[The data]:

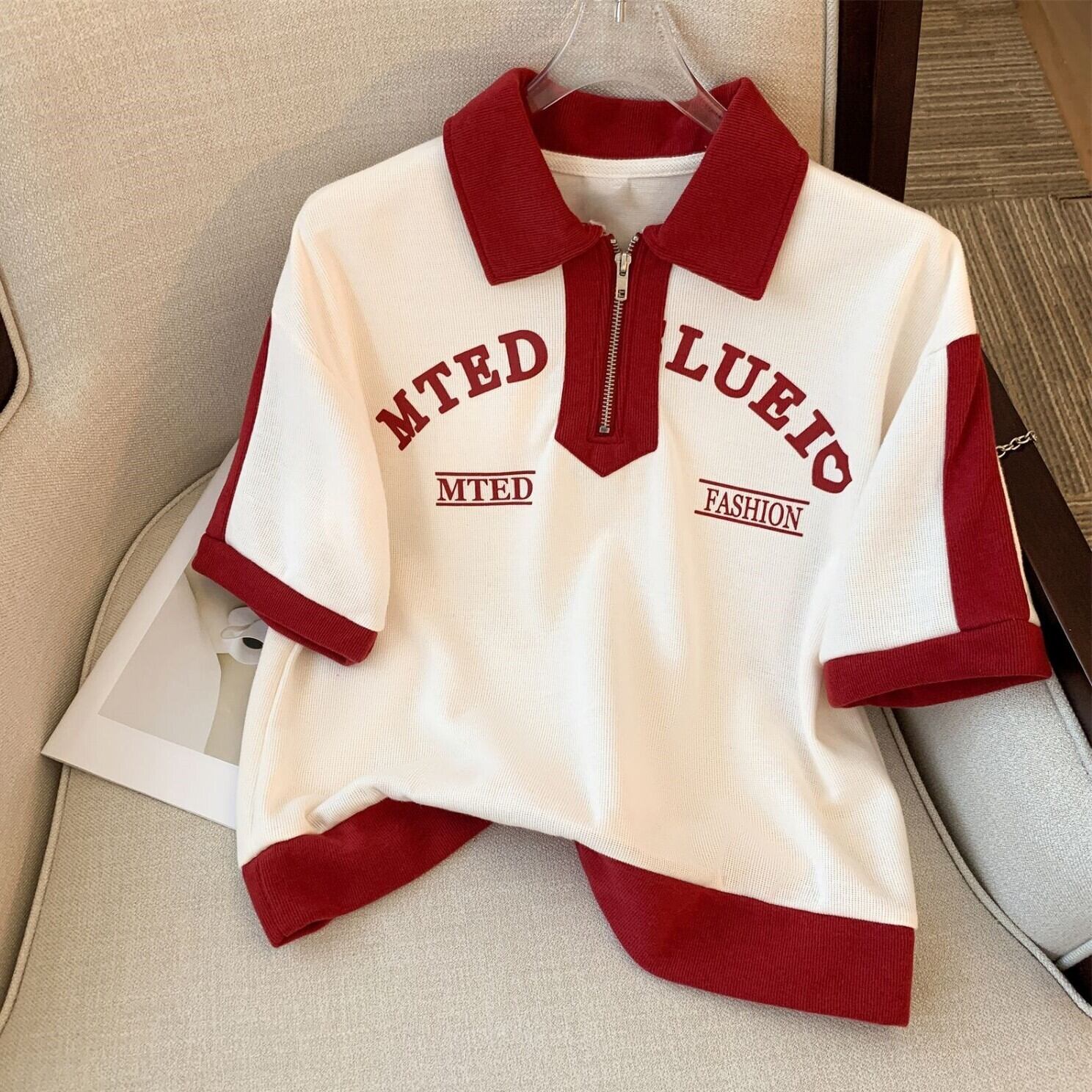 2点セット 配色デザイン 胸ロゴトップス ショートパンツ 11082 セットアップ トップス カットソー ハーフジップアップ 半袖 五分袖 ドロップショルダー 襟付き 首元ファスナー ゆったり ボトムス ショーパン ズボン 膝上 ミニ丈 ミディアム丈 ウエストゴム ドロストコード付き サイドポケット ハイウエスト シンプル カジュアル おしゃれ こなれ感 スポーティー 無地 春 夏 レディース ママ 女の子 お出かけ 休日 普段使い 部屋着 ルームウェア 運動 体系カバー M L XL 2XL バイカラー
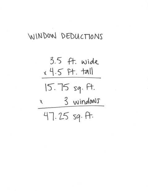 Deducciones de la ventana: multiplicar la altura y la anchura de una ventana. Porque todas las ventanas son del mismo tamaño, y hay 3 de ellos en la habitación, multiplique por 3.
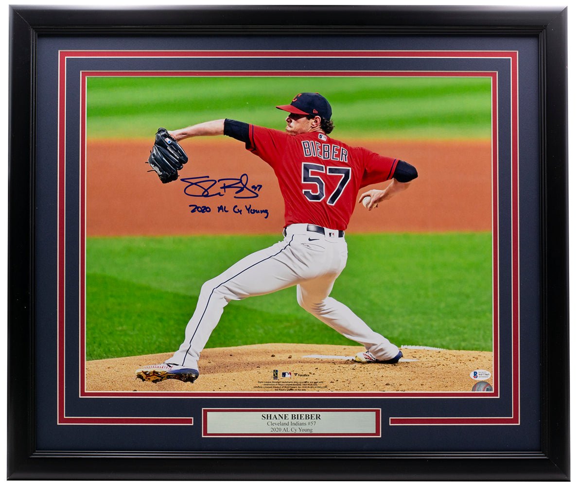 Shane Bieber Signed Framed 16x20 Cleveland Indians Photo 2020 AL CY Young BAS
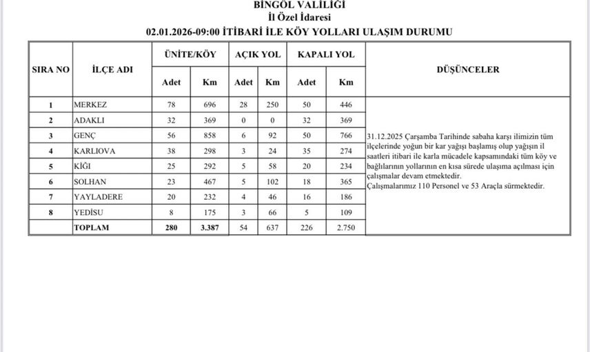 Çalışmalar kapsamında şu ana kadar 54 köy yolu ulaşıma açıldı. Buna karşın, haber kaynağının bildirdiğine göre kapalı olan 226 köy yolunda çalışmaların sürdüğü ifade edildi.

[What you need to do]:
Word for word, repeat only the lines from the line containing "Deducciones de la" through the end of the data, without any pictures.

[The completed task]:
 Deducciones de la ventana: multiplicar la altura y la anchura de una ventana. Porque todas las ventanas son del mismo tamaño, y hay 3 de ellos en la habitación, multiplique por 3.
 Shane Bieber Signed Framed 16x20 Cleveland Indians Photo 2020 AL CY Young BAS
 Çalışmalar kapsamında şu ana kadar 54 köy yolu ulaşıma açıldı. Buna karşın, haber kaynağının bildirdiğine göre kapalı olan 226 köy yolunda çalışmaların sürdüğü ifade edildi.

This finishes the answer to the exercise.